Indeed, with a record 199 competing nations present, the night's real stars were the athletes: from the lone representative of Brunei Darussalam to the 628-strong Australian team. Relaxed in their ocher-colored car coats and slinging toy kangaroos into the crowd, the Australians basked in the warmest applause. But beyond the nationalism there was much goodwill — toward the four athletes from East Timor, parading for the first time since their homeland's independence, as were teams from Eritrea, Palau and Micronesia. Even more stirring was the standing ovation given to the North and South Korean athletes, who, although they will compete separately, marched together in support of reunification. After all, said a North Korean official earlier in the week, "we are the same blood."

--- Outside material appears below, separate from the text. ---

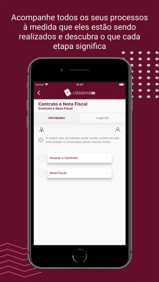 • FLUXO DE ATIVIDADES: Acompanhe todos os seus processos à medida que eles estão sendo realizados e descubra o que cada etapa significa. Navegue pelo fluxo, detalhe as atividades, tenha a visão do processo completo na palma de sua mão.

They weren't the only countries to be galvanized by the spirit of the Games. Passing through 11,000 hands during the torch relay's 100-day, 27,000-km journey, the Olympic flame has brought Australia into closer touch with itself. The relay "symbolizes everything that's good about the Games," former marathon champion Robert de Castella has said. "Somehow it's been able to capture the balance between the grass roots and the elite side of the Olympics." In a chain of simple gestures, the Olympic ideal was made tangible.

As fiercely as the flame burns the hope of a Games "without doping and without drugs," as Hockeyroos star Rechelle Hawkes said in the Olympic oath. And in choosing Cathy Freeman as the flame's final custodian, Games officials rekindled another hope. It was there in Freeman's eyes as the cauldron rose — a dedication not only to individual victory but to a collective one as well: to unity between black and white Australians. For a moment last Friday evening, anything seemed possible.